# Prove that $\sin x=[1+\sin x]+[1-\cos x]$ has no solution in $x\in \Bbb R$

Prove that $$\sin x=[1+\sin x]+[1-\cos x]$$ has no solution for $x\in \Bbb R$ where $[x]=\lfloor x\rfloor$

I reduced the equation into $$\sin x=2+[\sin x]+[-\cos x]$$

From here, I plotted the graphs of $\sin x$ and $-\cos x$, and then plottted the graphs of $[\sin x]$ and $[-\cos x]$. Finally, I split the number line into intervals and some distinct points in/at which I added the respective values of $[\sin x]$ and $[-\cos x]$ thus showed that within those intervals/at those points, there were no values of $x$ for which the original equation was valid.

I found this method quite long and messy (I usually hate methods which involve graphs as I'm a tad slow at them) and was wondering if a shorter and nicer method exists. If so, then could someone kindly show me the method? Thanks!

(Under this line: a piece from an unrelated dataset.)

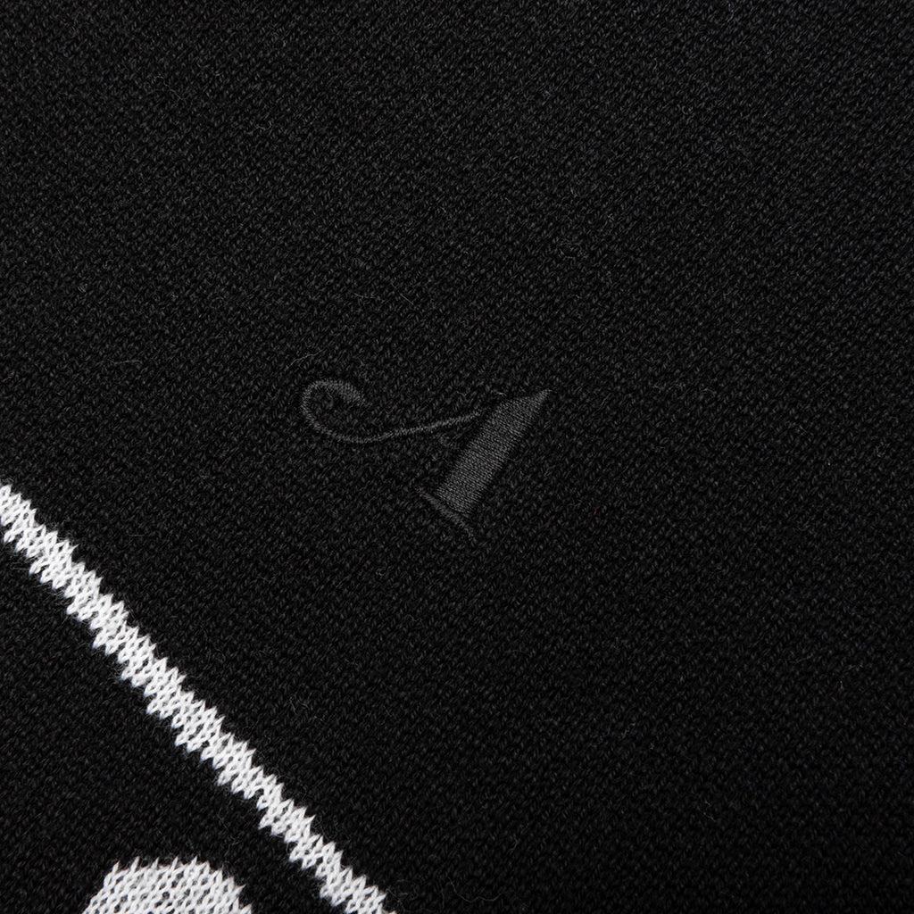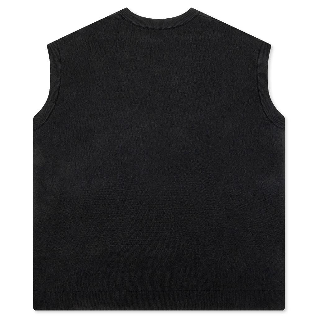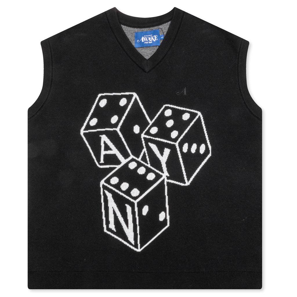 Elevate your look with the Awake NY Dice Vest. Composed of a soft Mohair blend, the vest features an intarsia dice graphic intertwined with Awake NY branding. Some finishing details include ribbed trims, a v-neckline, and an embroidered 'A' logo. Mohair blend V-neckline Ribbed trims Dice graphic Embroidered detail Style No: AWK-SP24-KN006-BLK

• I think you need to use the fact that $|sin(x)| \leq 1$ for each $x \in \mathbb{R}$. – richitesenpai Jun 11 '16 at 1:42
• That struck me at first too, but I couldn't understand how to apply it here. – user342209 Jun 11 '16 at 1:43
• The right side is always an integer, while the only integer values the left side could take are -1, 0, and 1. Couldn't you just try each of those? – f'' Jun 11 '16 at 1:54

## 2 Answers

Continue your idea, we get $$\sin x-[\sin x]=2+[-\cos x].$$ Note that $0\leqslant \sin x-[\sin x]<1$. But, $-1\leqslant -\cos x\leqslant 1$, thus $[-\cos x]\in\{-1,0,1\}\Rightarrow 2+[-\cos x]\in\{1,2,3\}\Rightarrow 2+[-\cos x]\geqslant 1>x-[\sin x].$

Note that $\sin(x)$ is an integer. But then $\lfloor \sin(x) \rfloor=\sin(x)$, so your equation reduces to $$\lceil \cos(x) \rceil=2$$ which is not possible.